### [Task item]
Below are entries; copy exactly, and only, the lines from the one containing "Графические характеристики ELPUMPS" through their final line, leaving out pictures.

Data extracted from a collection
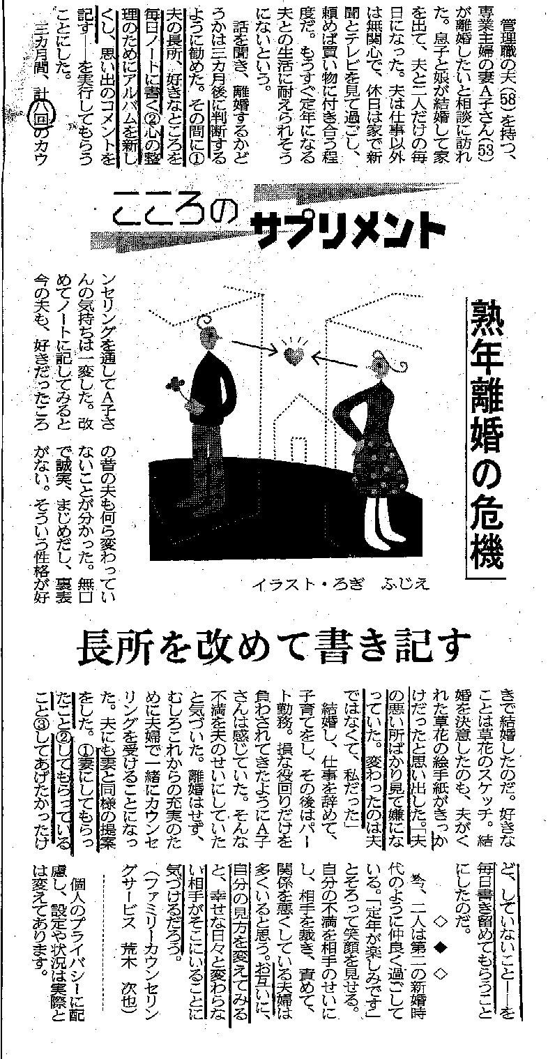 「心のサプリメント」という日経新聞のカウンセリングの定期版に「熟年離婚の危機」と題して別添のような記事が載っていました
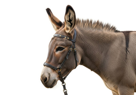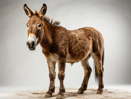 Cute donkey standing and looking forward, isolated on a white background, perfect for animal-themed visuals.
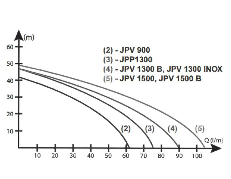 Графические характеристики ELPUMPS JPV 1300 INOX
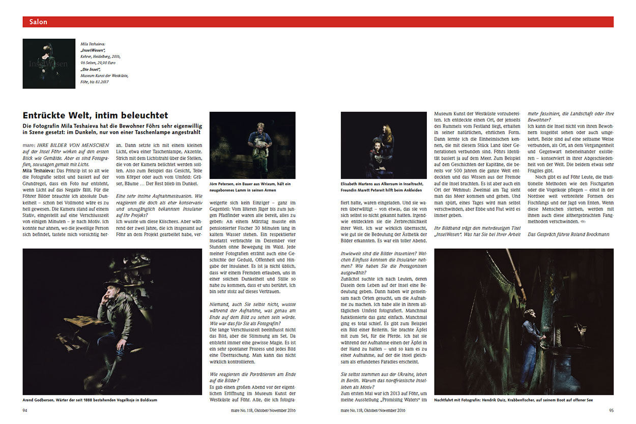 Die Fotografin Mila Teshaieva hat die Bewohner Föhrs sehr eigenwillig in Szene gesetzt: im Dunkeln, nur von einer Taschenlampe angestrahlt
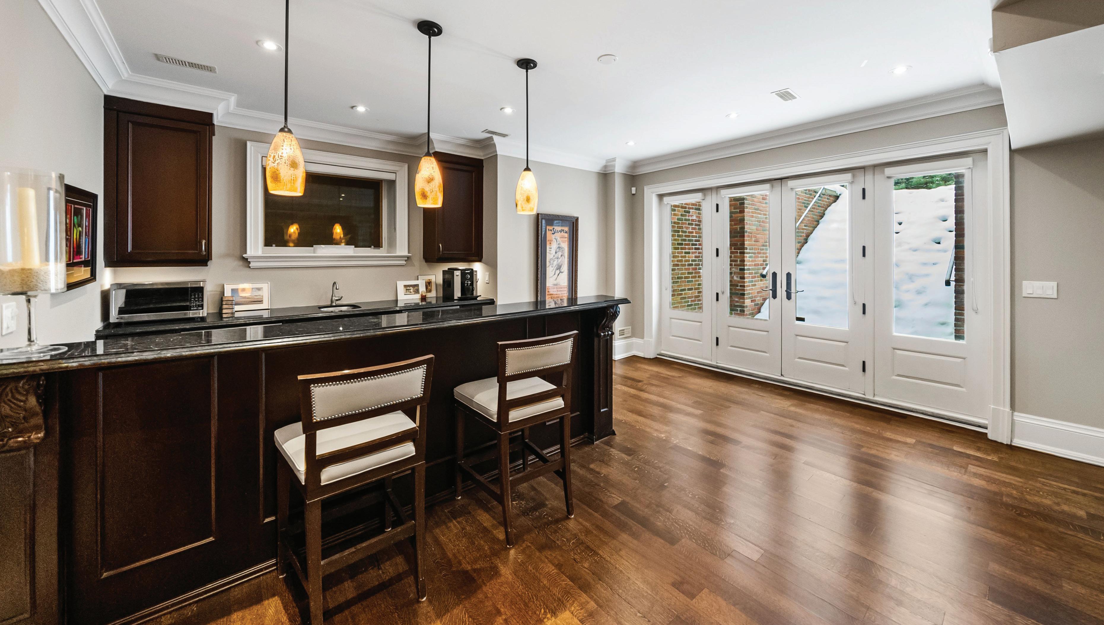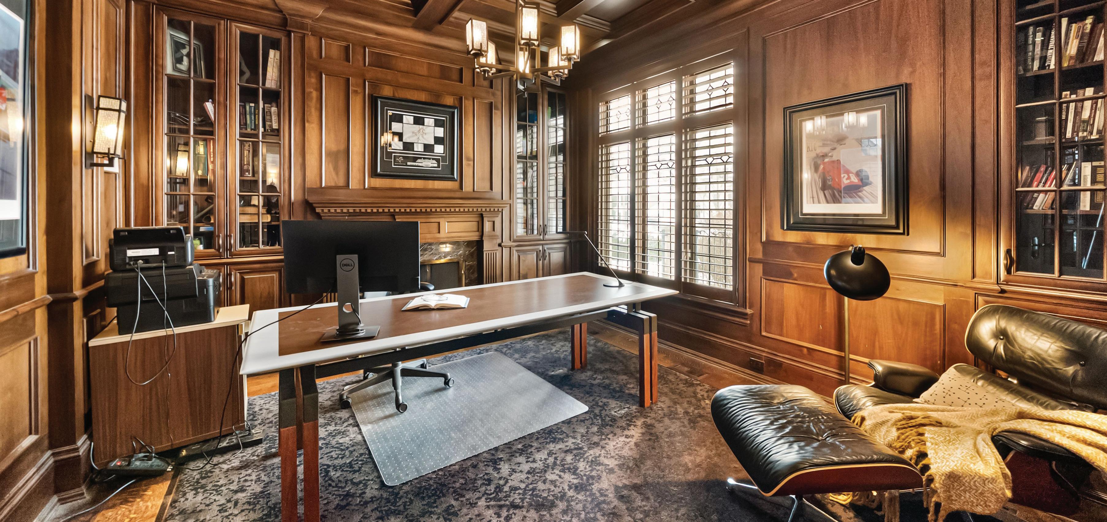 · Double door walk out to covered stone patio · Coffered ceiling, 11’7” ceiling heights

### [Result below]
 Графические характеристики ELPUMPS JPV 1300 INOX
 Die Fotografin Mila Teshaieva hat die Bewohner Föhrs sehr eigenwillig in Szene gesetzt: im Dunkeln, nur von einer Taschenlampe angestrahlt
 · Double door walk out to covered stone patio · Coffered ceiling, 11’7” ceiling heights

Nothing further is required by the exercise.